Model Distillation

Distill knowledge from a teacher model into a student model using off-policy SFT or on-policy distillation.

What you'll build

A student model trained to match a teacher's behavior on reasoning (OpenThoughts3 / DeepMath), personalization (Tulu3), or multi-turn tool use (Harbor). Supports both single-turn and multi-turn distillation, with optional multi-teacher setups.

Prerequisites

uv pip install tinker-cookbook

For multi-turn Harbor distillation:

uvx harbor datasets download [email protected]

Key concepts

Off-policy distillation — SFT on teacher-generated responses (e.g., OpenThoughts3 dataset)
On-policy distillation — student generates responses, then minimizes KL divergence against the teacher's distribution
Multi-turn distillation — extends on-policy distillation to multi-turn tool-use episodes in sandboxed environments

How it works

Three-layer architecture for multi-turn distillation

Multi-turn distillation reuses three layers of infrastructure:

tool_use library (tinker_cookbook/tool_use/) — Generic agent-tool interaction.
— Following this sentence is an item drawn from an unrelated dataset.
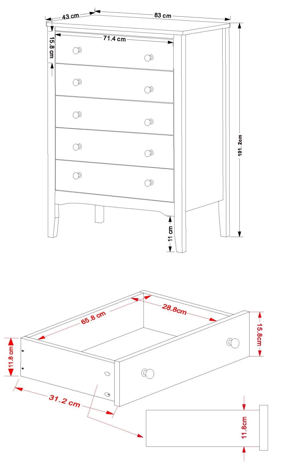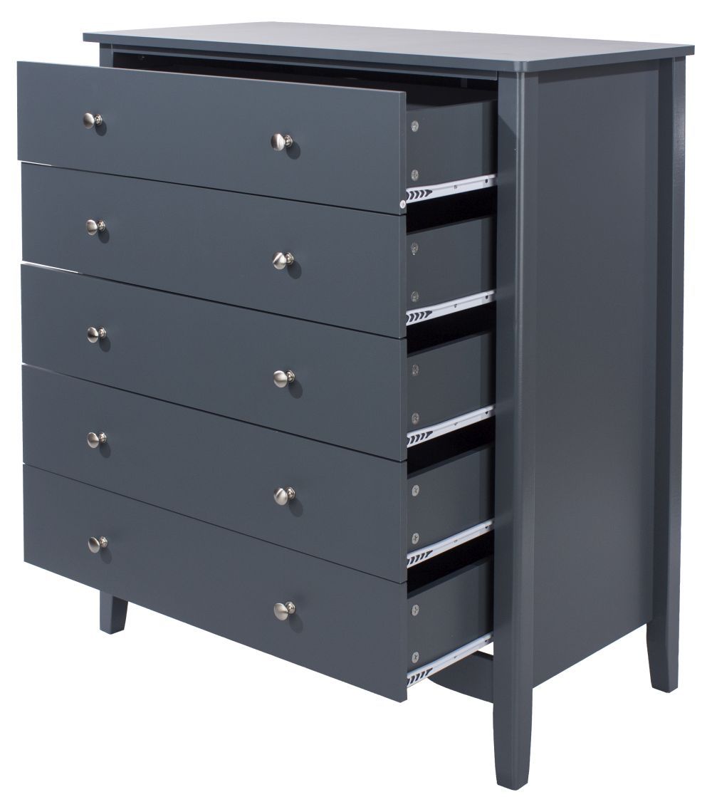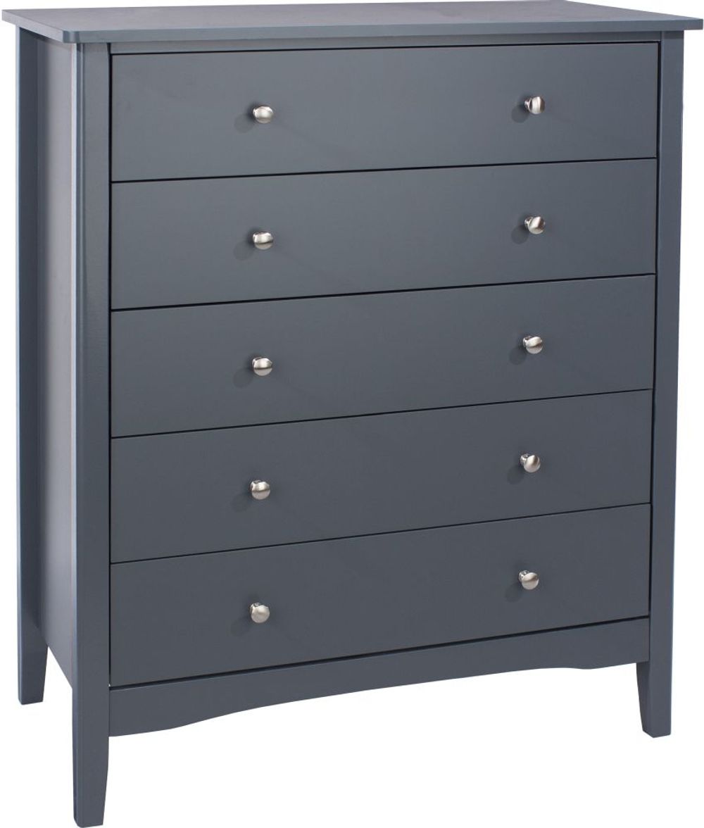 Item Code: CMB515 This chest is the perfect addition to any room. With five drawers, it provides plenty of storage space and is made of sturdy, durable materials. The dark blue finish will bring a modern touch to any decor. It ships flat packed and is easy to assemble. Ideal for any bedroom or living room.

The @tool decorator defines tools, build_agent_tool_env() creates token-level RL environments from tools + renderer + reward function. AgentToolMessageEnv manages the message-level episode loop (append assistant message, execute tool calls, check termination).
harbor_rl recipe (tinker_cookbook/recipes/harbor_rl/) — Applies tool_use to Harbor sandbox tasks. HarborBashTool wraps a sandbox as a @tool-decorated bash command. HarborEnvGroupBuilder creates sandboxed environments with task-specific grading via HarborReward.
Multi-turn distillation (tinker_cookbook/recipes/distillation/harbor_multiturn.py) — HarborDistillationDatasetBuilder subclasses HarborDatasetBuilder, passing reward_fn=zero_reward (always returns 0.0) to override the default HarborReward.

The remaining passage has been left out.